§ **WHAT IS BEING ASKED**: Of the records that follow, copy only the lines from the line containing "may be achieved." to the line containing "Louis Vuitton monogram", both included, exactly as written.

§ **DATA PROVIDED**:

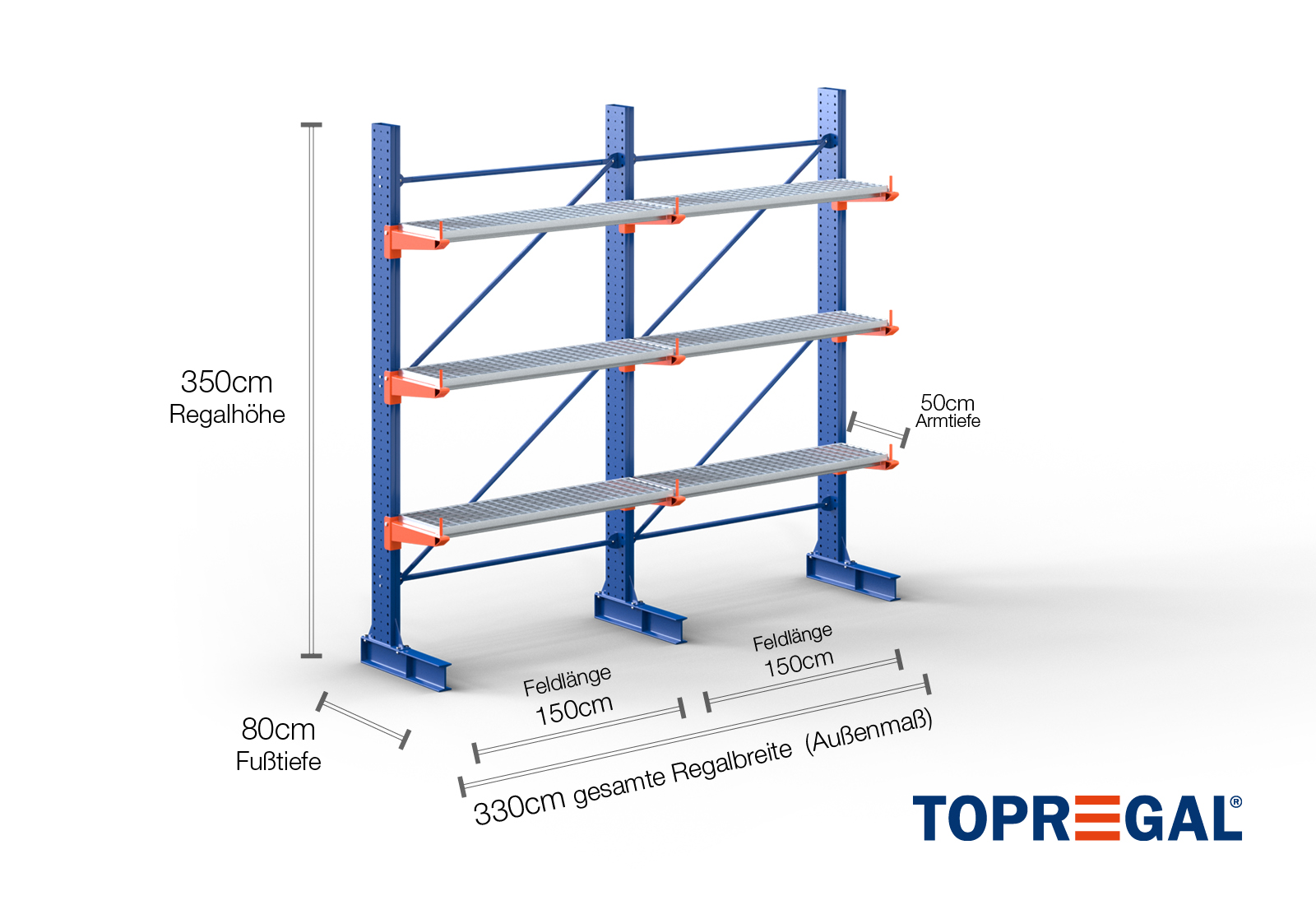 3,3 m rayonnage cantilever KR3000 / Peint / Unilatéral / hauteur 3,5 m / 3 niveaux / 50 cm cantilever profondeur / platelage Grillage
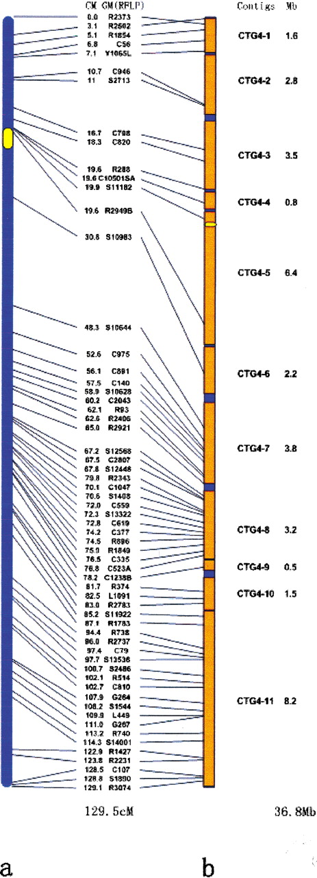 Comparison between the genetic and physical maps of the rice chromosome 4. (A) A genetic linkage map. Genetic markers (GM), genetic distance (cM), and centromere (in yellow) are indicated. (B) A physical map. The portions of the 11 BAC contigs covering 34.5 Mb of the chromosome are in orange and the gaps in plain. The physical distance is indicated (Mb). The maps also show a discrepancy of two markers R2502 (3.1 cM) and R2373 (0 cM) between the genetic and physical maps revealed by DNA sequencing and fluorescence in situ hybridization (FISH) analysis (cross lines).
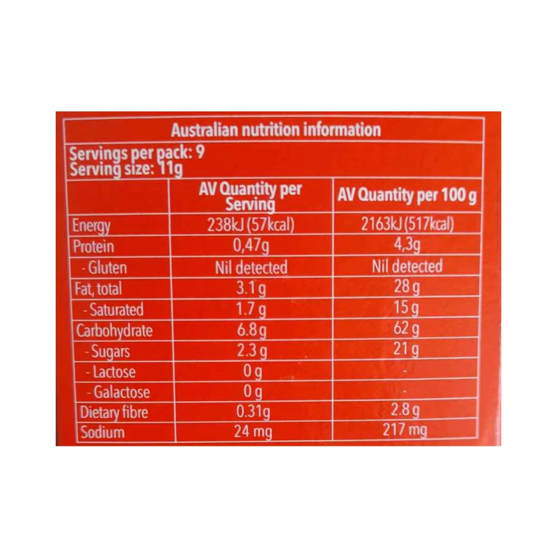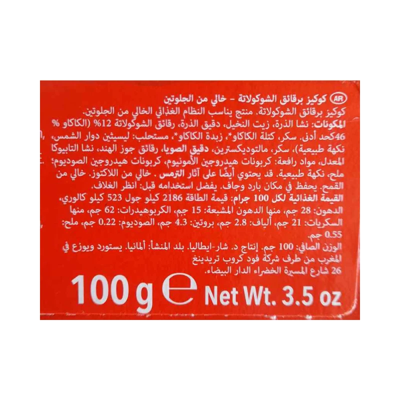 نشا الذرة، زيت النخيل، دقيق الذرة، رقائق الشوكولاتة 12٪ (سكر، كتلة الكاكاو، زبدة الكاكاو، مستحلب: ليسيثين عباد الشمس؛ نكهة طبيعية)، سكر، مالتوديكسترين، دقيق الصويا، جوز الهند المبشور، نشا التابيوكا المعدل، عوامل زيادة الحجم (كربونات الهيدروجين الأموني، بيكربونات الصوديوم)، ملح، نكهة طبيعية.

--

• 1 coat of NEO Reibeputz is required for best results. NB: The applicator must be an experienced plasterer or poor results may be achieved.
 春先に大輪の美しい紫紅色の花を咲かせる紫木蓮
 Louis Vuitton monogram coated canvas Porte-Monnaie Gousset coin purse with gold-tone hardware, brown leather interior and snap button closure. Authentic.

§ **SOLUTION TO THE PROBLEM**:
• 1 coat of NEO Reibeputz is required for best results. NB: The applicator must be an experienced plasterer or poor results may be achieved.
 春先に大輪の美しい紫紅色の花を咲かせる紫木蓮
 Louis Vuitton monogram coated canvas Porte-Monnaie Gousset coin purse with gold-tone hardware, brown leather interior and snap button closure. Authentic.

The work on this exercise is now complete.